Reputation: 348
I am creating a Binary File in C# here using the following code below. It is relatively simple code below. The RawData variable is a type string[].
using (BinaryWriter bin = new BinaryWriter(File.Open("file.bin", FileMode.Create)))
{
foreach (string data in RawData)
{
int Byte = Convert.ToInt32(data, 16);
bin.Write(Byte);
}
}
Unfortunately the BIN File is produced like this. It places the correct byte value but then skips the next three bytes and places zeros there and then places the next byte value. Does anyone know why this happens.

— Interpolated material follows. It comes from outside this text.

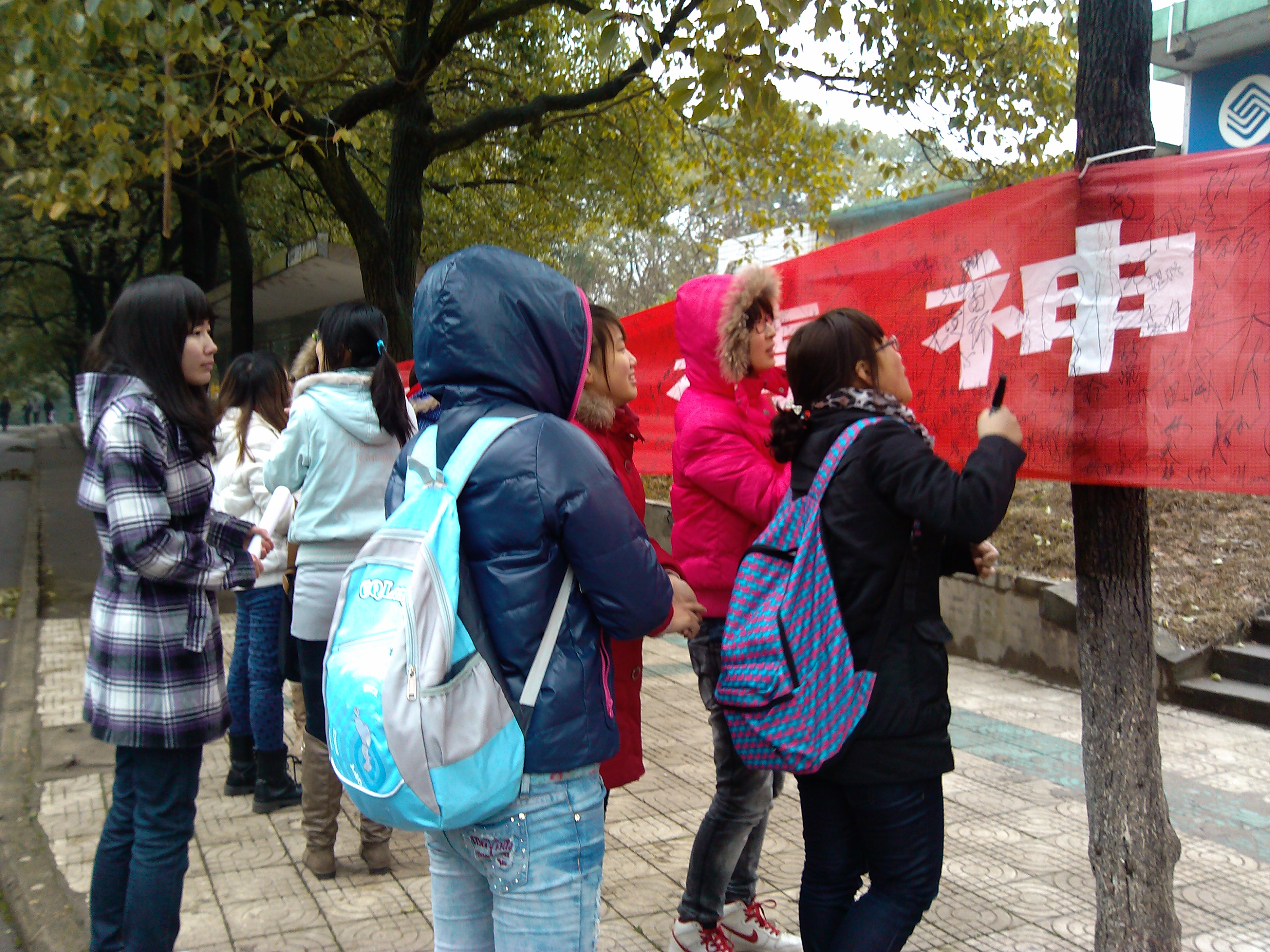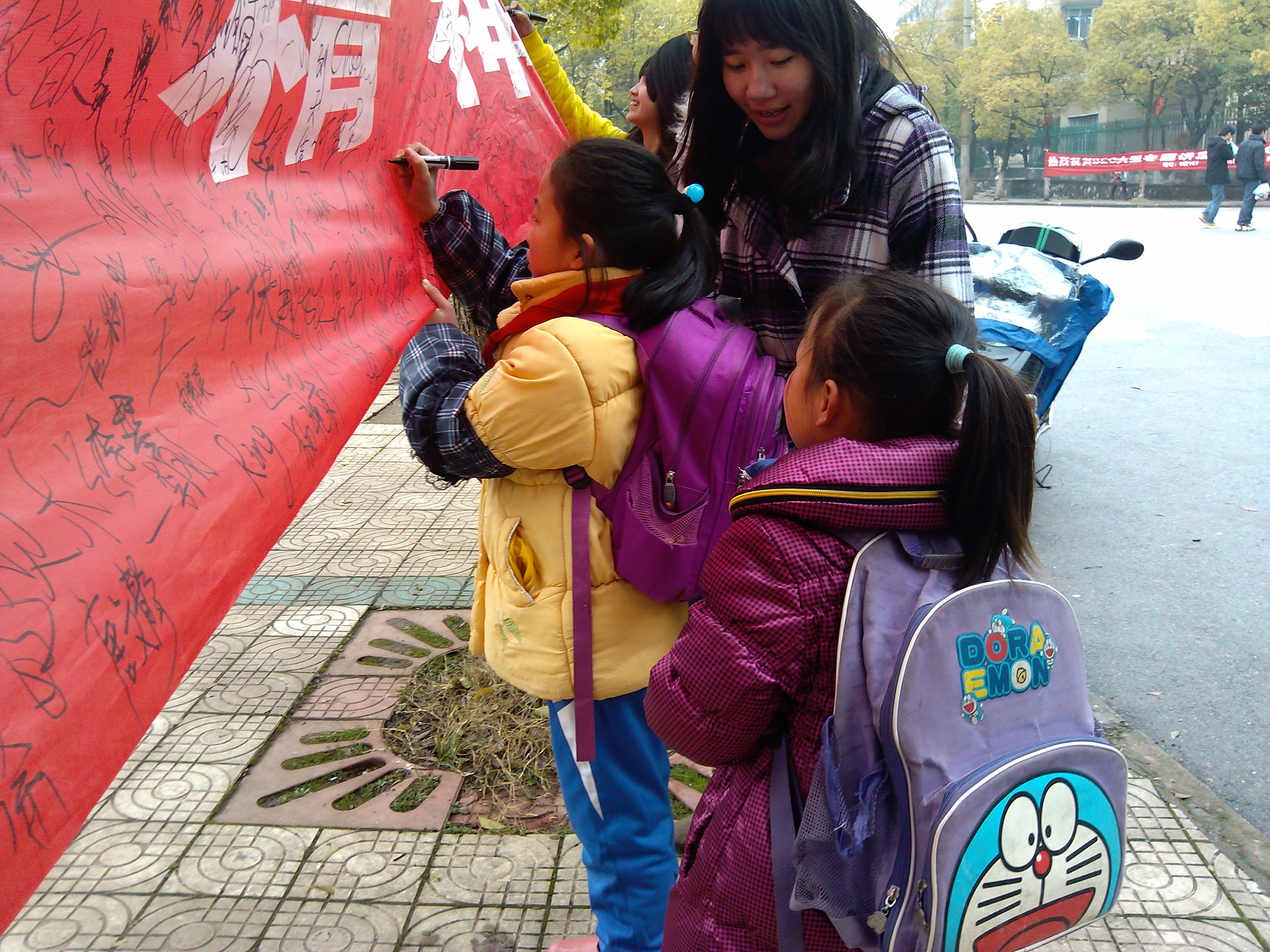 下午时分,横幅上面已然全是密密麻麻名字,签名的同学依旧不见少,大家在横幅上寻找着有限的“地盘”,在横幅上签下名字,也印下 “向雷锋同志学习”的决心。

I have used debugged and the bin.Write(Byte), and these extra zeros are NOT sent to this method.
Upvotes: 0
Views: 239
Reputation: 1500665
You're using BinaryWriter.Write(int)
. So yes, it's writing 4 bytes, as documented.
If you only want to write one byte, you should use BinaryWriter.Write(byte)
instead.
So you probably just want:
bin.Write(Convert.ToByte(data, 16));
Alternatively, do the whole job in two lines:
byte[] bytes = RawData.Select(x => Convert.ToByte(x, 16)).ToArray();
File.WriteAllBytes("file.bin", bytes);
Upvotes: 3
Reputation: 60311
Try
var Byte = Convert.ToByte(....)
instead.
You're converting to int, each of which is 4 bytes. So, you see three of them are all zero, and just one byte of the int is the value you expect.